• [BRIEF]: Using the material below, print a verbatim copy of every line from the one containing "SHEIN Leap Crew" through the one containing "واحترزوا بقولهم: (لأجل", inclusive, and omit the pictures.

• [DATA FOR PROCESSING]:
-*-*-

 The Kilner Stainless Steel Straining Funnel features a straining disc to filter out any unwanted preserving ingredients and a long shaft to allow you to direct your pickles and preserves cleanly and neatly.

-*-*-

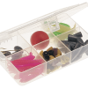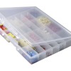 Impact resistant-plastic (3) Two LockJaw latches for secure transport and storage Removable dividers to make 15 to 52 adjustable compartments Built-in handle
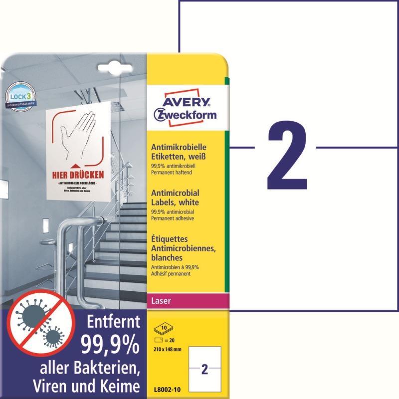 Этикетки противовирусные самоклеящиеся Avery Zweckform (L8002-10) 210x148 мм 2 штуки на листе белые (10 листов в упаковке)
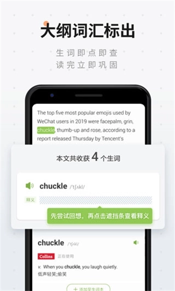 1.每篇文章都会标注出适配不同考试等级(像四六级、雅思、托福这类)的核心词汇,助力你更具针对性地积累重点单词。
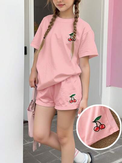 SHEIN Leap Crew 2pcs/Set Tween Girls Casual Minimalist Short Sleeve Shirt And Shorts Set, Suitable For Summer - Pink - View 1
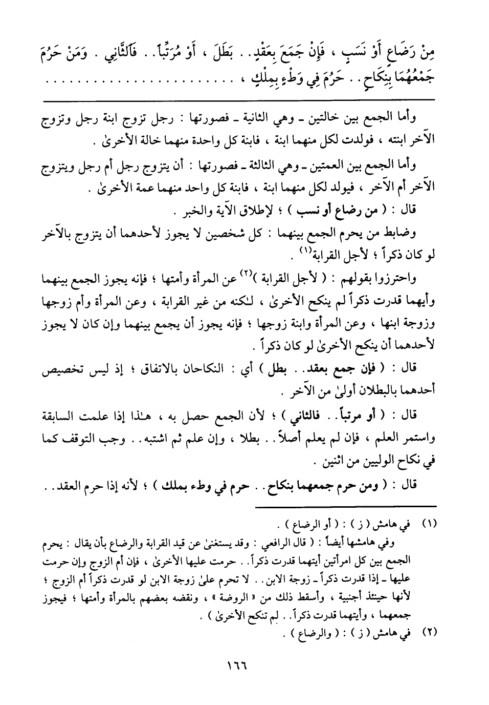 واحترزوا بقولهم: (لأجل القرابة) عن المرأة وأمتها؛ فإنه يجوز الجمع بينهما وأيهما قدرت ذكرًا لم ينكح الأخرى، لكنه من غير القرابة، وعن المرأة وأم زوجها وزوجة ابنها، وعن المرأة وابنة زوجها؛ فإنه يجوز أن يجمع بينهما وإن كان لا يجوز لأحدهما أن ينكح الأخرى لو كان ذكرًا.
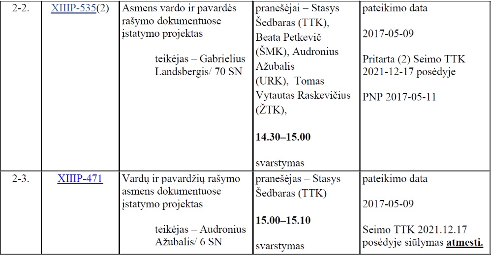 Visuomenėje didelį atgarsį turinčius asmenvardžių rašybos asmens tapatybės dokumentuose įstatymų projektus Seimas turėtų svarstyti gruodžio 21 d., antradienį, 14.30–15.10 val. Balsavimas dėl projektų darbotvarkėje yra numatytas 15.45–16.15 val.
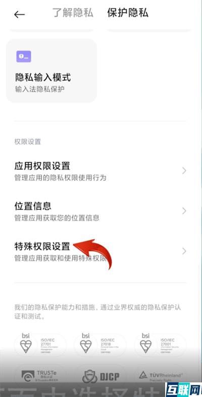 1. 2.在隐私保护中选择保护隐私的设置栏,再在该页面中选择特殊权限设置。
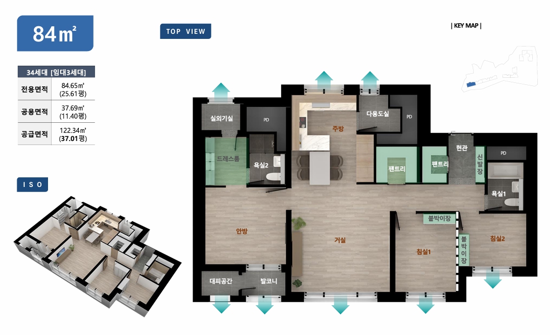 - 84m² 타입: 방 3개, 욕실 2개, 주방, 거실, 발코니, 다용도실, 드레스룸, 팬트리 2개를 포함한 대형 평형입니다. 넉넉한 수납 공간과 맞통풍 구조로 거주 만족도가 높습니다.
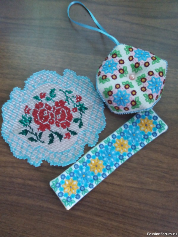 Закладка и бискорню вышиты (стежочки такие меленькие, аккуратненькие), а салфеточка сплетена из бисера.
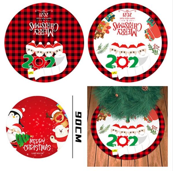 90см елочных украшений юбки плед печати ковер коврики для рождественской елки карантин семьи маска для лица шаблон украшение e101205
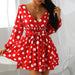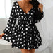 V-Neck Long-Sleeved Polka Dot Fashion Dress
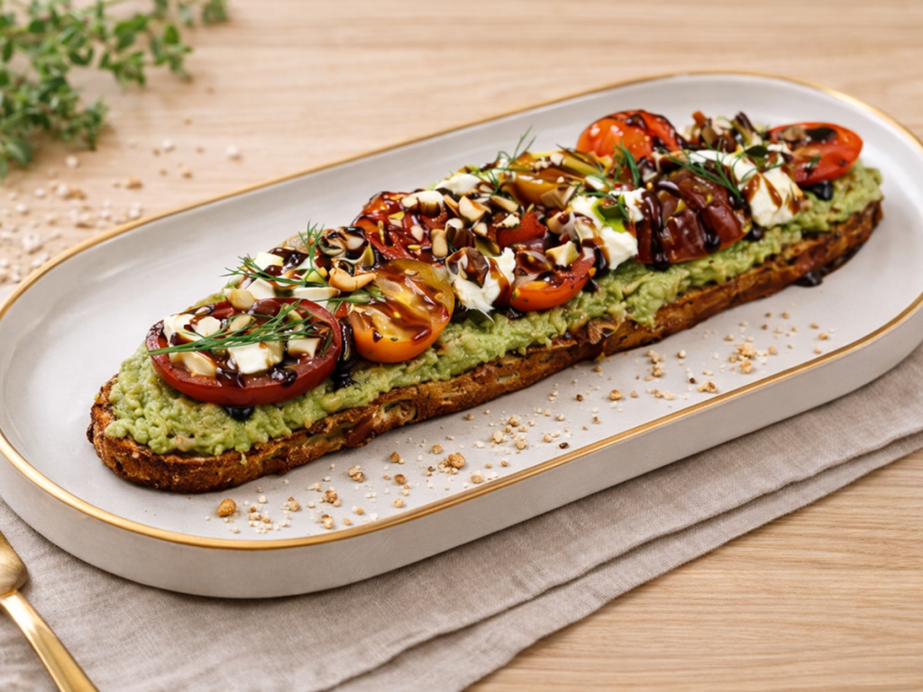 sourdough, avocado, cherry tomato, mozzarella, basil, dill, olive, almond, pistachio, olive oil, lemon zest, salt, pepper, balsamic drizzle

-*-*-

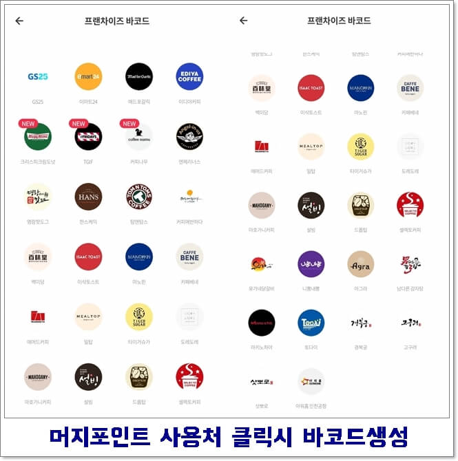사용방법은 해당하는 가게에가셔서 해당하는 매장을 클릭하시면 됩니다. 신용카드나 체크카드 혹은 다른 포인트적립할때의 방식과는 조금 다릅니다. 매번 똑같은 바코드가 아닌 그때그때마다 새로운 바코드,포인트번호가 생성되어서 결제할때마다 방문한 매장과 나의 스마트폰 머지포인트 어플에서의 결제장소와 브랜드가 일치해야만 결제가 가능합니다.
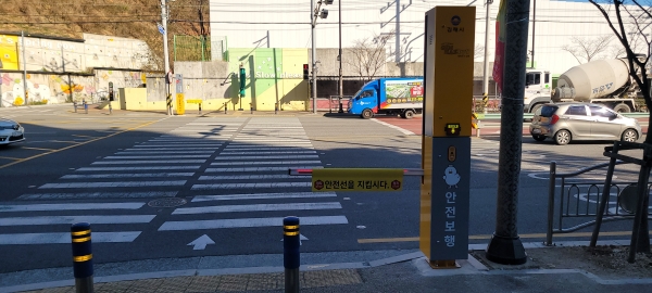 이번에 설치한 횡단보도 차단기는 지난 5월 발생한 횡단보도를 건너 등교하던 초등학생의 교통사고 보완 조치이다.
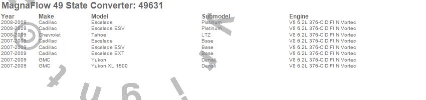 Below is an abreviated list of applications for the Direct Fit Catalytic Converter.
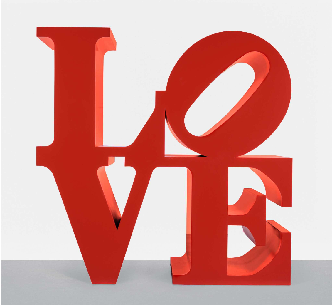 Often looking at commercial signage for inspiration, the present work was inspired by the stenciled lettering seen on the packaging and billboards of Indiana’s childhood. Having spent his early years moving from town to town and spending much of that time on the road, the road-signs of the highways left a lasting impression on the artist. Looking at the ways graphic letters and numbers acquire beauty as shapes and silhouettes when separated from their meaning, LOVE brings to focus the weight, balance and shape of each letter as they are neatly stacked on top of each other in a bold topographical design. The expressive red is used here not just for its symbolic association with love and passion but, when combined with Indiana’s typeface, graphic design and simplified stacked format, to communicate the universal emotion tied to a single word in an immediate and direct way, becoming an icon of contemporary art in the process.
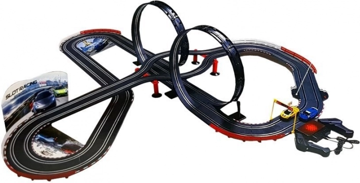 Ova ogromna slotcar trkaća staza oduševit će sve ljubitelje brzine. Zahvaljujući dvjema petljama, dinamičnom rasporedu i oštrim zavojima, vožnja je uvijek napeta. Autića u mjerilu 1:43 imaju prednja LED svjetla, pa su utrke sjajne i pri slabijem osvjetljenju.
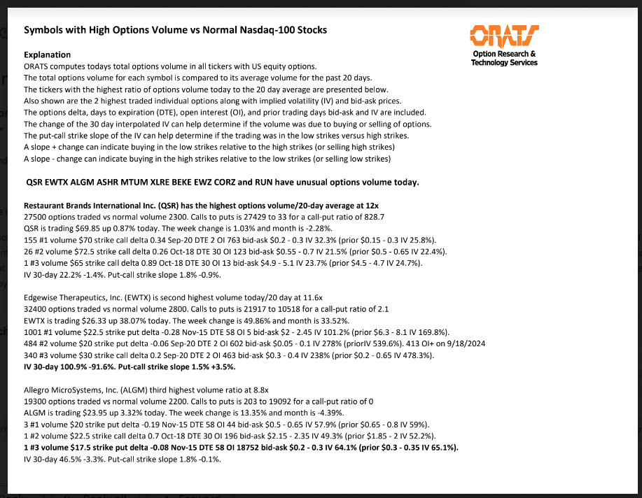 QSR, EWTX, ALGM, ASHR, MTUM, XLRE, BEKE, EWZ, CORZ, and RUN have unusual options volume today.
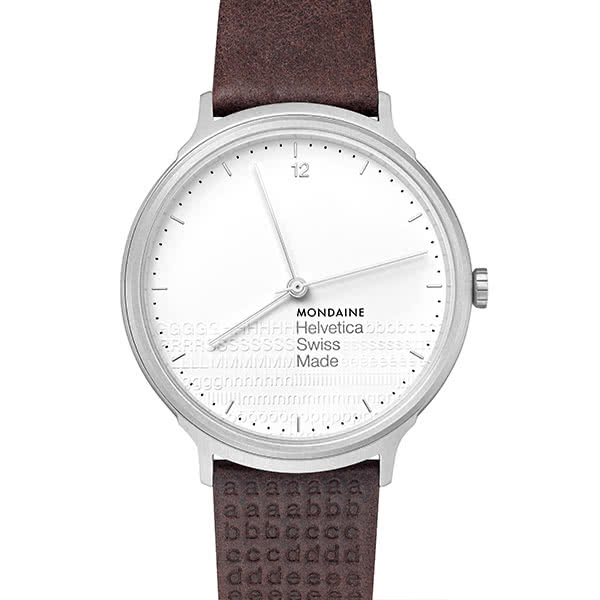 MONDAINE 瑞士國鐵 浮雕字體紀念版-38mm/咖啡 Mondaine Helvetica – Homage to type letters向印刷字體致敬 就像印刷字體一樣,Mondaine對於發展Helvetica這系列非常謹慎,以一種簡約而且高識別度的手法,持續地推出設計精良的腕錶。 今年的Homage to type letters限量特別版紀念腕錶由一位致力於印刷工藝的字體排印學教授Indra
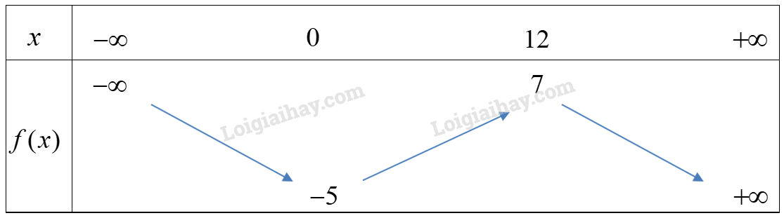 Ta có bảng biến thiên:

-*-*-

• [RESULT BELOW]:
 SHEIN Leap Crew 2pcs/Set Tween Girls Casual Minimalist Short Sleeve Shirt And Shorts Set, Suitable For Summer - Pink - View 1
 واحترزوا بقولهم: (لأجل القرابة) عن المرأة وأمتها؛ فإنه يجوز الجمع بينهما وأيهما قدرت ذكرًا لم ينكح الأخرى، لكنه من غير القرابة، وعن المرأة وأم زوجها وزوجة ابنها، وعن المرأة وابنة زوجها؛ فإنه يجوز أن يجمع بينهما وإن كان لا يجوز لأحدهما أن ينكح الأخرى لو كان ذكرًا.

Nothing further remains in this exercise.